NYC update

1 files changed, 89 insertions, 112 deletions

diff --git a/presentations/comprehensive/nyc.tex b/presentations/comprehensive/nyc.tex
index 3f671f0..6a36176 100644
--- a/presentations/comprehensive/nyc.tex
+++ b/presentations/comprehensive/nyc.tex
@@ -612,12 +612,6 @@ But of course we use modern instantiations.
   \end{minipage}
 \end{frame}
 
-\begin{frame}{Withdrawing coins on the Web}
-  \begin{center}
-    \includegraphics[height=0.9\textheight]{figs/taler-withdraw.pdf}
-  \end{center}
-\end{frame}
-
 
 \begin{frame}{Customer: Build shopping cart}
   \begin{center}
@@ -654,18 +648,6 @@ But of course we use modern instantiations.
 \end{frame}
 
 
-\begin{frame}{Merchant Integration: Contract}
-  % \begin{figure*}[t!]
-  {\tiny
- \lstset{language=JavaScript}
- \lstinputlisting{figs/taler-contract.json}
-%   \caption{Minimal Taler contract over a digital article with a value of \EUR{0.10}. The merchant will pay transaction fees up to \EUR{0.01}.  The hash over the wire transfer information was truncated to make it fit to the page.}
-%   \label{listing:json-contract}
- % \end{figure*}
- }
-\end{frame}
-
-
 \begin{frame}{Merchant: Propose contract (EdDSA)}
    \begin{minipage}{6cm}
    \begin{enumerate}
@@ -762,13 +744,6 @@ But of course we use modern instantiations.
 \end{frame}
 
 
-\begin{frame}{Payment processing with Taler}
-  \begin{center}
-    \includegraphics[height=0.9\textheight]{figs/taler-pay.pdf}
-  \end{center}
-\end{frame}
-
-
 \begin{frame}{Giving change}
   It would be inefficient to pay EUR 100 with 1 cent coins!
   \begin{itemize}
@@ -1173,93 +1148,6 @@ But of course we use modern instantiations.
 
 
 
-\begin{frame}{Warranting deposit safety}
-  Exchange has {\em another} online signing key $W = wG$:
-  \begin{center}
-    Sends $EdDSA_w(M,H(D),FDH(C))$ to the merchant.
-  \end{center}
-  This signature means that $M$ was the {\em first} to deposit
-  $C$ and that the exchange thus must pay $M$.
-  \vfill
-  \begin{center}
-     Without this, an evil exchange could renege on the deposit
-     confirmation and claim double-spending if a coin were
-     deposited twice, and then not pay either merchant!
-  \end{center}
-\end{frame}
-
-
-\begin{frame}{Online keys}
-\begin{itemize}
-\item The exchange needs $d$ and $w$ to be available for online signing.
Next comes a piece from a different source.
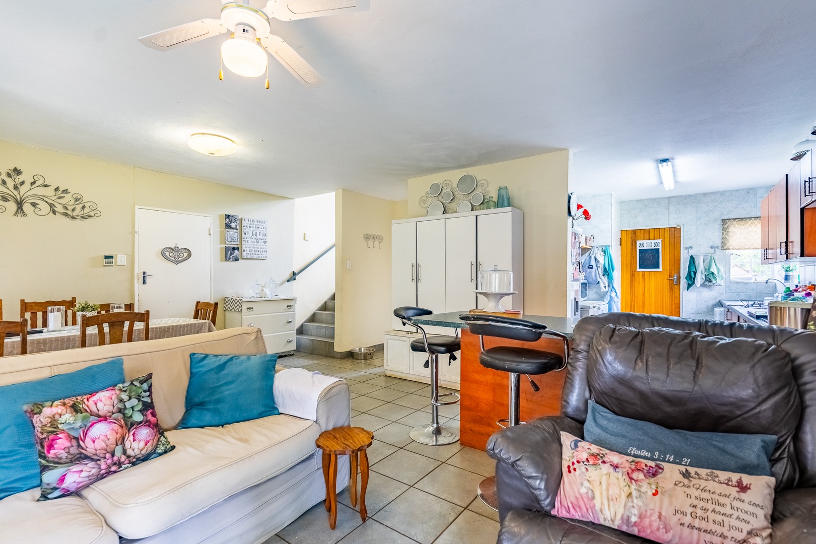 Downstairs, the home features a comfortable lounge that opens onto a covered patio with a built-in braai—ideal for entertaining. The dining area flows seamlessly into the open-plan kitchen, creating a warm and inviting living space for everyday family life.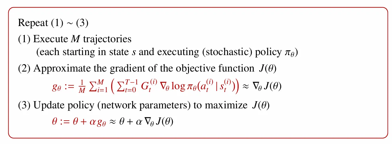 is approximated using the sample mean, and the update is performed in an online manner β that is, the policy is updated immediately using data obtained from each 1-step interaction.

-\item The corresponding public keys $W$ and $(e,n)$ are certified using
-      Taler's public key infrastructure (which uses offline-only keys).
-\end{itemize}
-\begin{center}
-\includegraphics[width=0.5\textwidth]{taler-diagram-signatures.png}
-\end{center}
-\vfill
-\begin{center}
-{\bf What happens if those private keys are compromised?}
-\end{center}
-\vfill
-\end{frame}
-
-
-\begin{frame}{Denomination key $(e,n)$ compromise}
-\begin{itemize}
-\item An attacker who learns $d$ can sign an arbitrary number of illicit coins
-      into existence and deposit them.
-\item Auditor and exchange can detect this once the total number of deposits
-      (illicit and legitimate) exceeds the number of legitimate coins the
-      exchange created.
-\item At this point, $(e,n)$ is {\em revoked}.  Users of {\em unspent}
-      legitimate coins reveal $b$ from their withdrawal operation and
-      obtain a {\em refund}.
-\item The financial loss of the exchange is {\em bounded} by the number of
-      legitimate coins signed with $d$.
-\item[$\Rightarrow$] Taler frequently rotates denomination signing keys and
-      deletes $d$ after the signing period of the respective key expires.
-\end{itemize}
-\begin{center}
-\includegraphics[width=0.5\textwidth]{taler-diagram-denom-expiration.png}
-\end{center}
-\end{frame}
-
-
-\begin{frame}{Online signing key $W$ compromise}
-\begin{itemize}
-\item An attacker who learns $w$ can sign deposit confirmations.
-\item Attacker sets up two (or more) merchants and customer(s) which double-spend
-      legitimate coins at both merchants.
-\item The merchants only deposit each coin once at the exchange and get paid once.
-\item The attacker then uses $w$ to fake deposit confirmations for the double-spent
-      transactions.
-\item The attacker uses the faked deposit confirmations to complain to the auditor
-      that the exchange did not honor the (faked) deposit confirmations.
-\end{itemize}
-The auditor can then detect the double-spending, but cannot tell who is to blame,
-and (likely) would presume an evil exchange, forcing it to pay both merchants.
-\end{frame}
-
-
-\begin{frame}{Detecting online signing key $W$ compromise}
-\begin{itemize}
-\item Merchants are required to {\em probabilistically} report
-      signed deposit confirmations to the auditor.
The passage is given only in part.